Quantification and statistical analysis

The data are represented as mean with standard deviation. Statistical analyses between 2 groups were performed using the independent Student’s t-test. Log-rank tests were performed to estimate the significance of differences in overall survival assays. P<0.05 was considered to indicate statistical significance.
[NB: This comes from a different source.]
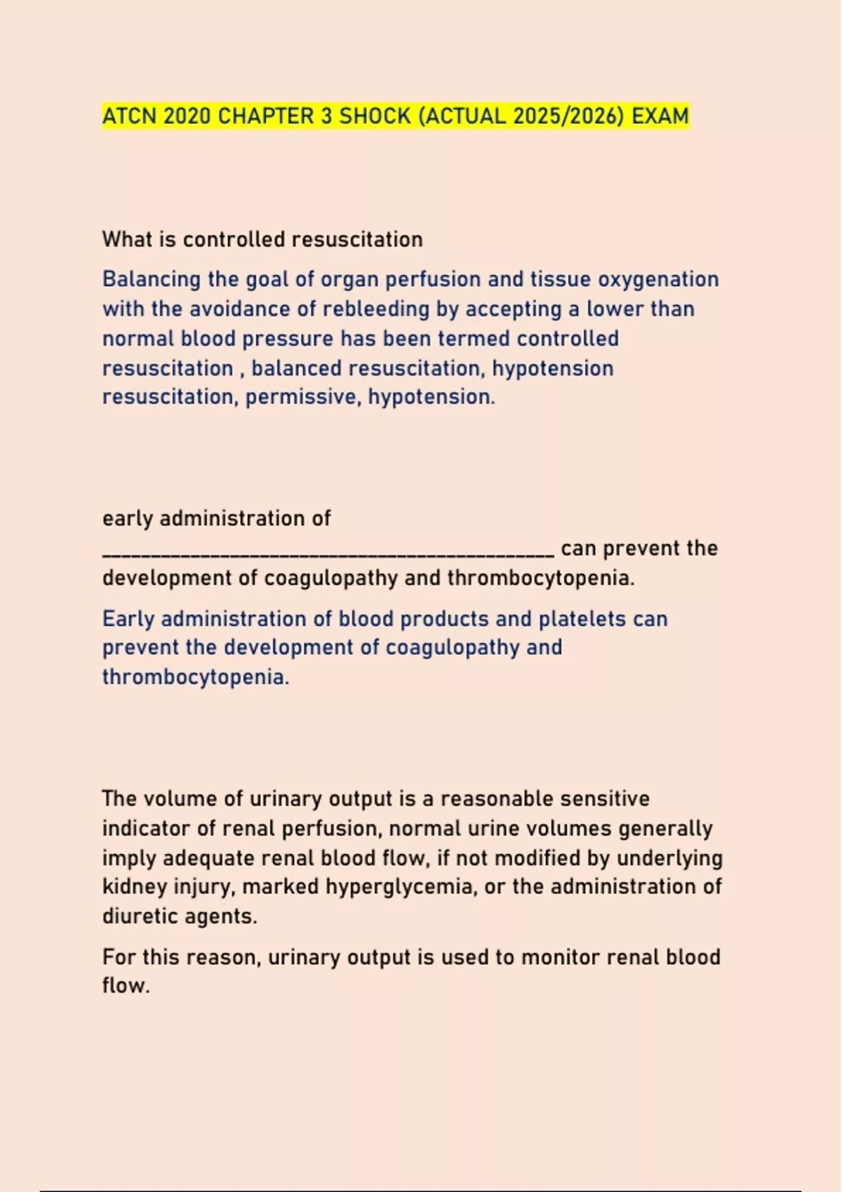 ATCN 2020 CHAPTER 3 SHOCK (ACTUAL 2025/2026) EXAM

Published: December 17, 2021

Supporting citations

The following reference appears in the Supplemental Information: Huang et al., 2009.

Supplemental information

Table S1. DNA microarray analysis of the gyc76C^KG03723 flies, related to Figure 4

Gene list combined with the microarray data of spz^rm7 flies after infection and Gyc76c-overexpressing larvae by c564-GAL4 without infection. Increases (I) are represented in red and decreases (D) are represented in blue.
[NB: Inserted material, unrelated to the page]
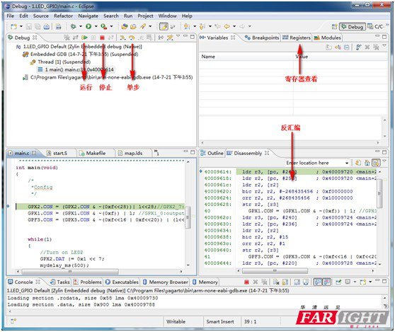 仿真FS4412開發板,實現單步、斷點、查詢等功能 |

Table S2. DNA microarray analysis of the gyc76C^KG03723 larvae, related to Figure 4

Gene list combined with Gyc76c-overexpressing larvae by c564-GAL4 without infection. Increases are represented in red and decreases are represented in blue.

Data and code availability

Any additional information required to reanalyze the data reported in this paper is available from the lead contact upon request.